1

Last week I was asked to build an application for a blind man to programmatically fill out a PDF document. The problem he is having is that if the fields in the document aren't labeled correctly then he is not able to put his signature and other information into the document in the correct place.

My first approach was to attempt to read the document using iTextSharp and then insert his signature into the field which was most likely to be the signature box:

public string[] MassFieldEdit(IDictionary<string, string> userData, string originalDocument, string edittedDocument, bool flatten)
        {
            PdfReader reader = new PdfReader(originalDocument);
            reader.SelectPages("1-" + reader.NumberOfPages.ToString());
            using (PdfStamper stamper = new PdfStamper(reader, new FileStream(edittedDocument, FileMode.Create)))
            {
                AcroFields form = stamper.AcroFields;
                ICollection<string> fieldKeys = form.Fields.Keys;
                List<string> leftover = new List<string>(fieldKeys);
                foreach (string fieldKey in fieldKeys)
                {
                    foreach (KeyValuePair<string, string> s in user)
                    {
                        //Replace Form field with my custom data
                        if (fieldKey.ToLower().Contains(s.Key.ToLower()))
                        {
                            form.SetField(fieldKey, s.Value);
                            leftover.Remove(fieldKey);
                        }
                    }
                }
                //The below will make sure the fields are not editable in
                //the output PDF.
                stamper.FormFlattening = flatten;
                return leftover.ToArray();
            }
        }

This works by taking a dictionary set, the key being a word or phrase, checking that against the PDF fields and then inserting the value into the fields if the field matches the word or phrase in the key.

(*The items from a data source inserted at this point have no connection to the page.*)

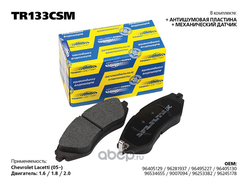 | TRANSMASTER | TR133CSM | Колодка дискового тормоза с накладками в сборе с антишумной пластиной | ||
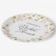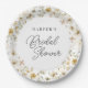 Placa de papel redonda moderna apresenta um quadro de flores silvestres delicadas em tons suaves de rosa pincelado, amarelo, roxo, marfim e verde. Personalize com o nome da noiva com o modelo fácil de editar, apresentando uma fonte de script romântica e uma fonte serif moderna. Suprimir o texto para ter um prato simples apenas com flores. Verifique os itens correspondentes nas coleções "Chás de panela" e "Watercolor Wildflower".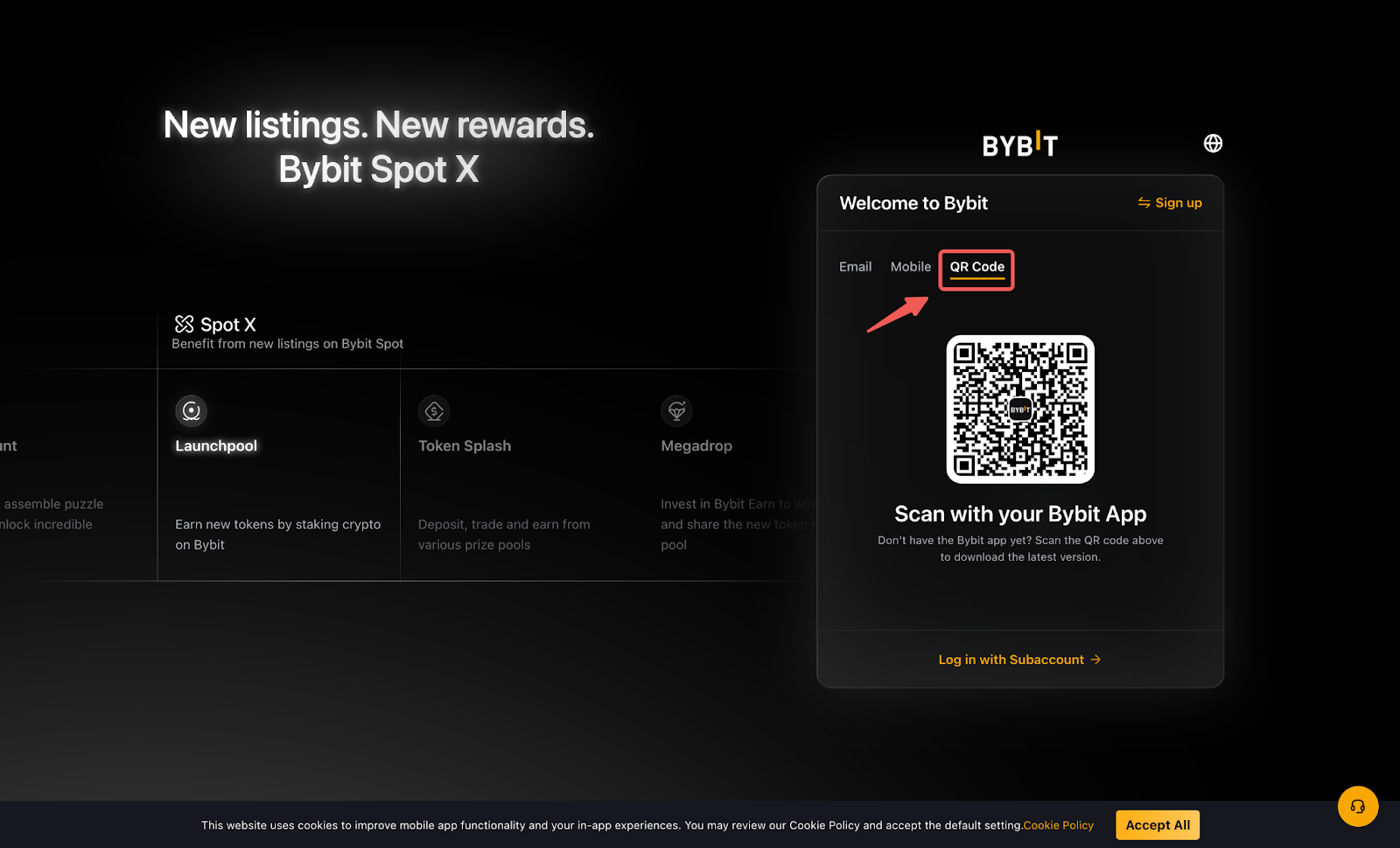 Paso 1: Diríjase a la página de inicio de sesión en el sitio web de Bybit y seleccione la pestaña Código QR para comenzar.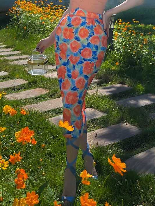 Le Palais Vintage Elegant Orange Flower Design High Waist Slim Fit Pencil Skirt-Sara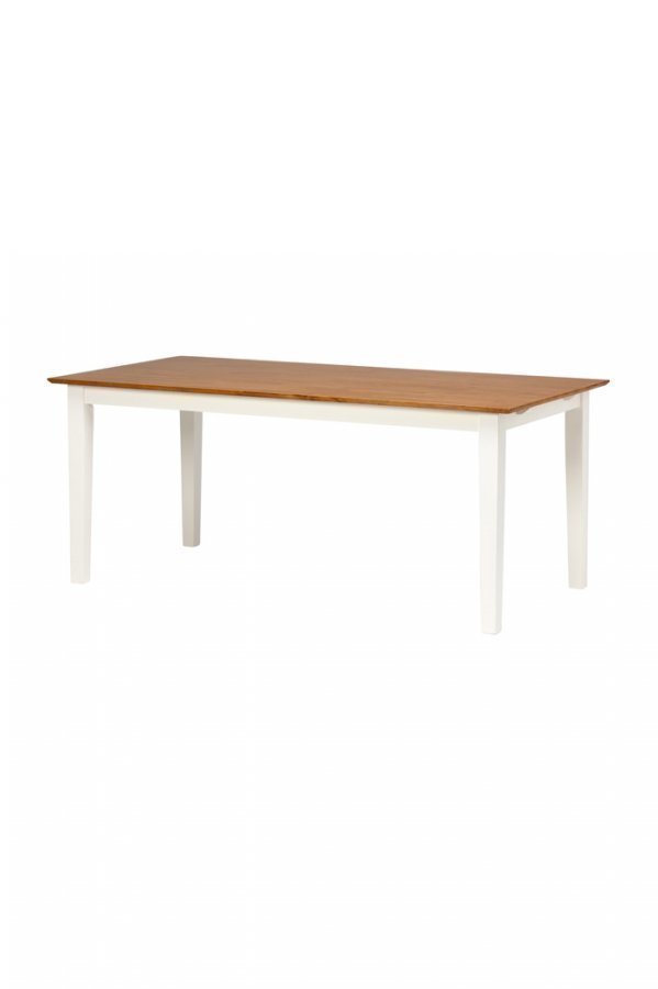 Ruokapöytä tammiväriseksi petsattua/lakattua kumipuuta. Valkoiseksi maalatut jalat. 180×90 cm. Korkeus 75 cm. Toimitetaan osina. Rahtipaino 55 kg. Tarkista rahtimaksu Toimitus-välilehdeltä.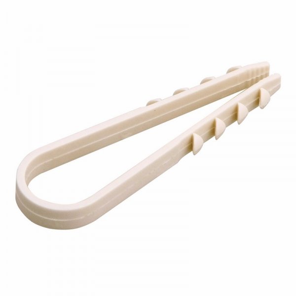 Дюбель-хомут — два в одном. Предназначен для крепления провода, пучков проводов, гибких и жестких труб к бетону, природному камню, полнотелому кирпичу и пенобетону.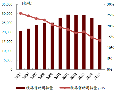 2005-2015年鐵路貨物周轉量及占比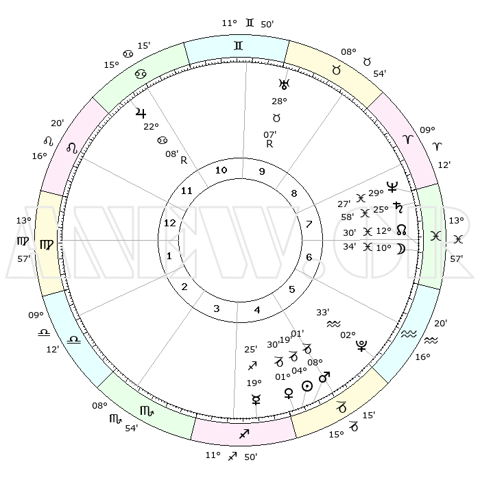 | | ΘΕΣΕΙΣ ΠΛΑΝΗΤΩΝ ΑΣΤΡΟΛΟΓΙΚΟΥ ΧΑΡΤΗ ΤΗΣ ΣΤΙΓΜΗΣ ΑΥΤΗΣ | | | | Πλανήτης | Ζώδιο | Μοίρες | Δεκαήμ. | Σε οίκο | Απόκλιση | | Ακμές των οίκων | | Ηλιος | Αιγόκερως | 04°14' | Πρώτο | 5 | 23 S 22 | | 1ος | 20°40' | Λέων | | Σελήνη | Ιχθείς | 09°32' | Πρώτο | 7 | 08 S 08 | | 2ος | 13°33' | Παρθένος | | Ερμής | Τοξότης | 19°18' | Δεύτερο | 5 | 22 S 51 | | 3ος | 11°16' | Ζυγός | | Αφροδίτη | Αιγόκερως | 01°24' | Πρώτο | 5 | 23 S 42 | | 4ος | 13°57' | Σκορπιός | | Αρης | Αιγόκερως | 07°57' | Πρώτο | 5 | 24 S 03 | | 5ος | 18°49' | Τοξότης | | Δίας | Καρκίνος | 22°09'R | Τρίτο | 12 | 21 N 50 | | 6ος | 21°38' | Αιγόκερως | | Κρόνος | Ιχθείς | 25°57' | Τρίτο | 8 | 03 S 42 | | 7ος | 20°40' | Υδροχόος | | Ουρανός | Ταύρος | 28°08'R | Τρίτο | 10 | 19 N 33 | | 8ος | 13°33' | Ιχθείς | | Ποσειδώνας | Ιχθείς | 29°27' | Τρίτο | 8 | 01 S 27 | | 9ος | 11°16' | Κριός | | Πλούτωνας | Υδροχόος | 02°32' | Πρώτο | 6 | 23 S 15 | | 10ος | 13°57' | Ταύρος | | Β. Δεσμός | Ιχθείς | 12°30' | Δεύτερο | 7 | 06 S 52 | | 11ος | 18°49' | Δίδυμοι | | Ωροσκόπος | Λέων | 20°40' | Τρίτο | | | 12ος | 21°38' | Καρκίνος | | Μεσουράνημα | Ταύρος | 13°57' | Δεύτερο | | | |

The signature box before my program edits it.

The signature box after.

But the problem I have now is that if no field exists then although it may have "sign here" right next to the dotted line, there is no way to insert text onto the dotted line without knowing exactly where the dotted line is, nor can my user select the dotted line because that defeats the point of the program.

I have looked at a number of previous questions and answers, including:

I need a way to detect the signature line and then insert his name onto the signature line with more certainty than taking pot shots at field names. Both in situations where a correctly labeled field exists and also in situations where the signature line may be no more than a line of text which says "sign here".

TylerH
  • 20,799
  • 66
  • 75
  • 101
Kris
  • 36
  • 1
  • 8
  • 2
    You are lucky if you get any actual fields and not just a scanned image. But what is the source of the forms? File an ADA complaint and get the forms fixed. – Garr Godfrey Aug 07 '17 at 01:53
  • Some of the examples he has sent me include the TWC Substitute W-9 and Direct Deposit Form and other official documents, I'm looking for a programmatic solution that will work for any type of PDF that contains a signature line though. I have considered an optical character recognition approach but I'd like to know if there is a solution already available before I go down that route. – Kris Aug 07 '17 at 02:01

1 Answers1

1

The robust solution (aka "hard work solution")

  1. Implement IEventListener (iText7 class)
  2. Use IEventListener to get notified of text rendering instructions, and line drawing operations
  3. Rendering instructions do not always appear in logical (reading) order. Fix that by implementing a comparator for these objects
  4. Sort according to comparator
  5. Use language detection to determine the language (n-gram approach is simple, but should suffice)
  6. Dictionary attack. Look for all occurences of words that signify "sign here" in whatever language the document is written in (hence step 5)
  7. In case of multiple candidates, or no candidates, use line rendering instructions to look for likely candidate of the infamous "dotted line"

This approach is not easy, but there is a lot of research into recognition of structural elements in pdf files. In particular, if you run a google scholar search, you'll find loads of helpful article where people have tried detecting tables, lists, paragraphs, etc.

Joris Schellekens
  • 8,483
  • 2
  • 23
  • 54